Todo esto que no reconoces y te resulta nuevo, te parece viejo. Que tú conocieras apenas ayer las pirámides de Egipto no quita que lleven allí muchos siglos.

Un antebrazo desnudo y musculoso lleva tatuada una cruz que no es copta ni la de Caravaca, pero se parece a las dos. El antebrazo pertenece a un hombre que aprieta fuertemente contra sí a una mujer de faldas largas y negras y una arracada en la ceja izquierda. Los dos mascan unas bolas rosadas que parecen hule.

Las siguientes escaleras caminan solas, rechinan, se interrumpen dos veces. Sales a la calle y no sabes si los colores te son extraños. Un cielo morado, una pátina verdosa en las fachadas, gente de varios colores, rostros verdes y anaranjados, lilas, púrpuras, ocres, azules, salmones, nunca totalmente blancos, ni negros.

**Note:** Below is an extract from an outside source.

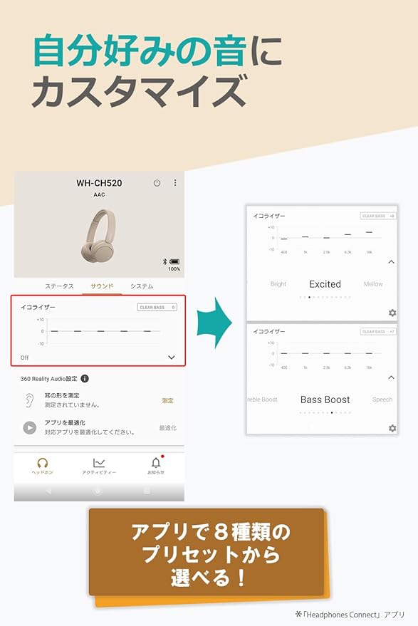 専用アプリ「Headphones Connect」に対応しており、お好みの音質にカスタマイズする事ができる「イコライザー」を使うことで「Relaxed」や「Bass Boost」など8種類のプリセットから選択したり、お好みのイコライザー設定にカスタマイズしたりすることが可能です。

Las calles brillan, como mojadas, pero no llueve. No las cubre agua, sino una baba viscosa y al parecer habitual, pues a nadie molesta. Hay gente formada en distintas direcciones, como esperando. Unas filas miran al sur, otras se arremolinan en los postes, otras miran al revés, hacia el norte.

Un hombre que parece inflado y perezoso quiere repartir bolsas transparentes, en cuyo interior crujen objetos posiblemente comestibles, y piensas: ``Si le brillo mis monedas, quizá me dé una''. Pero prefieres no investigar qué contienen esas bolsas. Pero, sobre todo, prefieres no sacar las monedas de tu bolsillo, esa caja de Pandora, tan centavera.

Sólo una pregunta te ronda la mente: ¿lograrás recordar dónde estás? En la esquina, una alfombra de cristales pulverizados. Imposible no pisarla. Pero nadie va descalzo. Pero todos se cortan las plantas. Pero no importa.